Leaving out pictures, output exactly the lines below from the one that has "Huki Empeng Silicone" through the one that has "The 배터질라면 입니다. 투명비닐에 이렇게 로고를 붙여놓았어요.", and nothing else.

Start of Records supplied

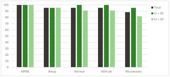 Viral load, reflected as Ct, has an influence on these results. When a threshold was made in Ct, all the procedures that were analyzed were sensitive enough for samples which were amplified under 30 cycles, with results over 95% for every method. Over 30 Ct, or even more, over 32 Ct, a decrease in sensitivity happens, especially with the microwaves method.
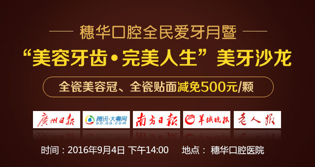 9月4日14:00,羊城地铁报、大粤网将携手穗华口腔医院于举办“美容牙齿▪完美人生”美牙沙龙。届时,口腔行业内口腔修复名医专家将为广大患者解疑释惑,让患者实现美丽梦想,塑造符合美学标准的亮白皓齿和迷人微笑,打造高颜值。
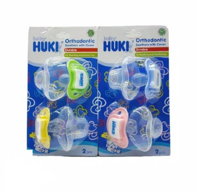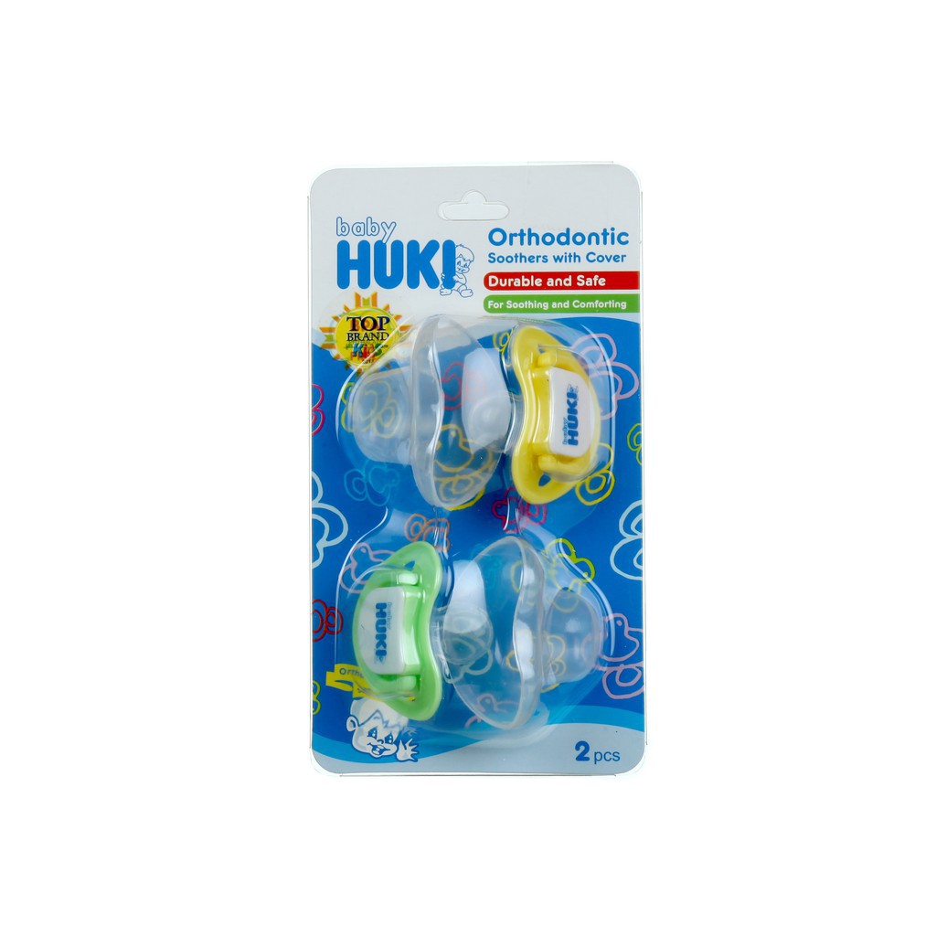 Huki Empeng Silicone Gepeng Isi 2 / HUKI Empeng Deluxe Orthodontic Soother with Cover 2 pcs Pacifier
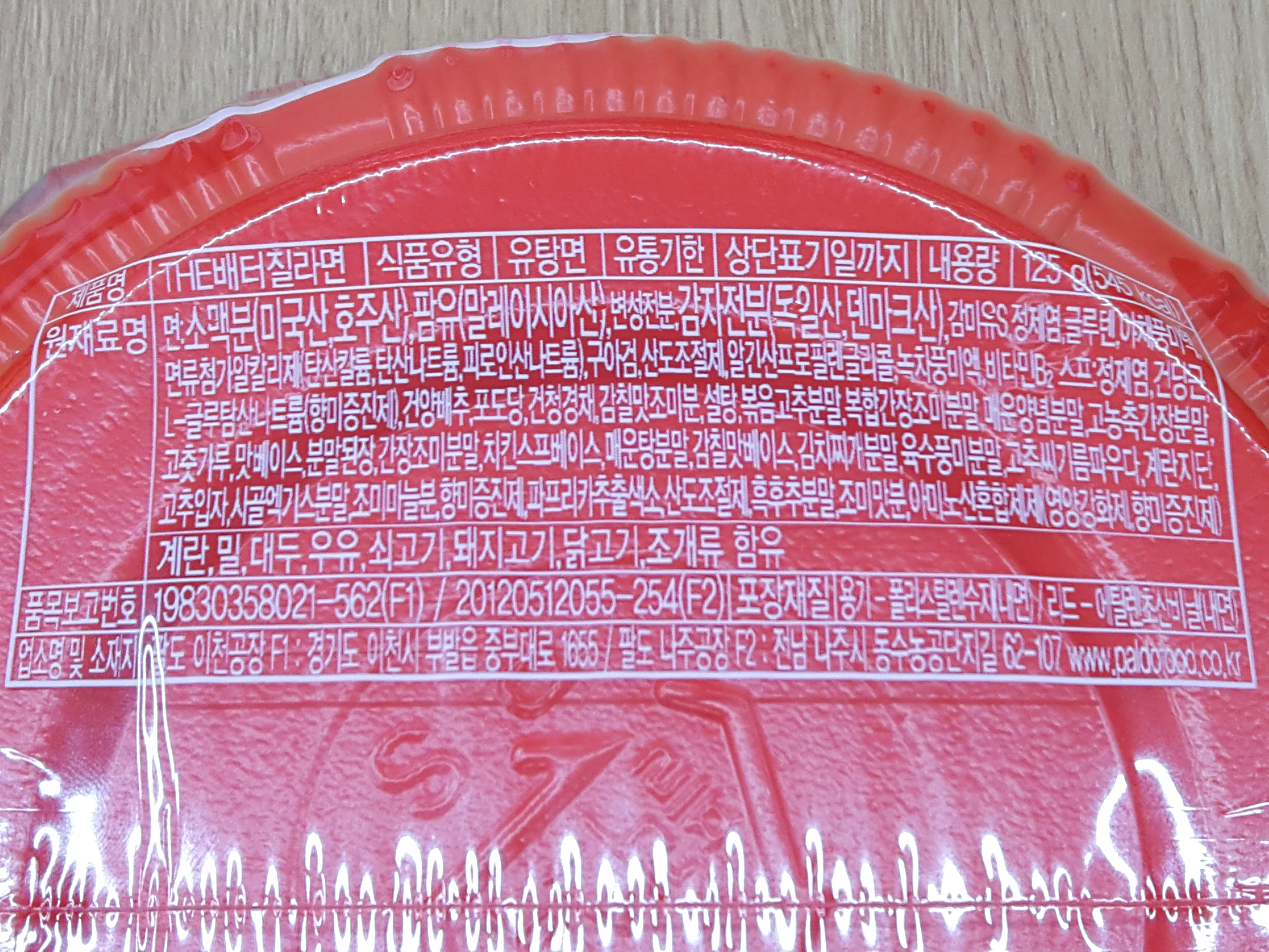 The 배터질라면 입니다. 투명비닐에 이렇게 로고를 붙여놓았어요.
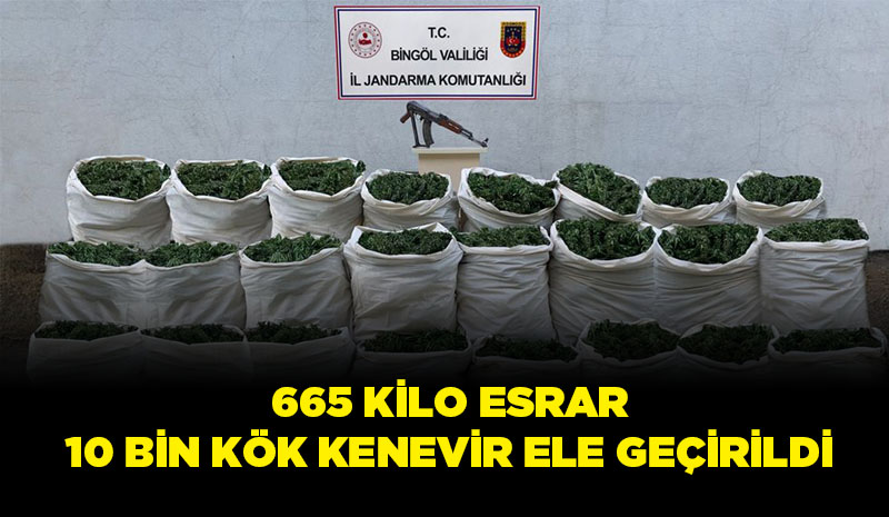 Valilik tarafından yapılan açıklamada, “Bingöl İl Jandarma Komutanlığı unsurlarınca Narko-Terörizmle mücadele kapsamında yürütülen istihbari ve teknik çalışmalar neticesinde; Bingöl İli Genç ilçesi kırsalında şüpheli şahıslar tarafından yüklü miktarda yasadışı kenevir ekimi yapıldığı ve kenevir tarlalarından esrar elde edilerek piyasaya sürüleceği, esrar satışından elde edilen gelir ile terör örgütüne finans sağlanacağına dair elde edilen bilgiler doğrultusunda; 19 Ağustos 2021 tarihinde Bingöl İli Genç ilçesi kırsalında icra edilen operasyonda 7 Farklı Noktada; 411 Kg Kubar Esrar Maddesi, 254 Kg Skunk Esrar Maddesi, 10 bin Kök Kenevir Bitkisi, 1 adet AK-47 Kaleşnikof Piyade Tüfeği, 1 Adet Av Tüfeği, 1 adet AK-47 Kaleşnikof Piyade Tüfeği Şarjörü, 24 adet 7.62 mm çapında fişek, 3 adet su pompası, 600 metre sulama hortumu, 1600 metre damlama su sistemi ele geçirilmiştir” denildi.
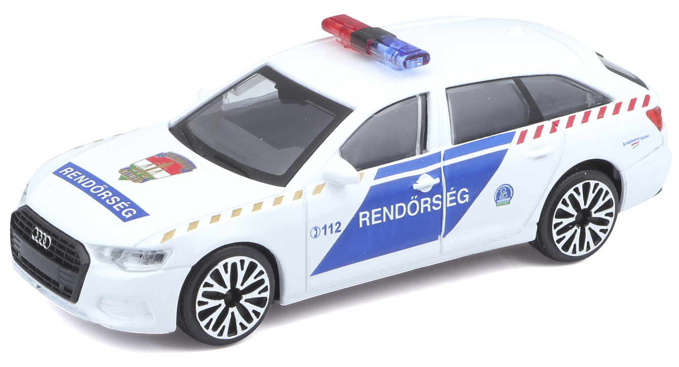 Fehér és kék színű rendőrautó, magyar Rendőrség felirattal - hogy egyetlen bűnöző se pattanhasson meg a gyerekszobából. Ez az 1:43 méretarányú Bburago Audi A6 Avant autó fémből és műanyagból készült autómodell gyerekeknek és gyűjtőknek egyaránt remek ajándék lehet. Az autó Rendőrség felirattal és a 112 hívószámmal van díszítve, és pont úgy néz ki, mint az igazi kombi Audi rendőrautók.

End of Records supplied

● **Response to this task**
 Huki Empeng Silicone Gepeng Isi 2 / HUKI Empeng Deluxe Orthodontic Soother with Cover 2 pcs Pacifier
 The 배터질라면 입니다. 투명비닐에 이렇게 로고를 붙여놓았어요.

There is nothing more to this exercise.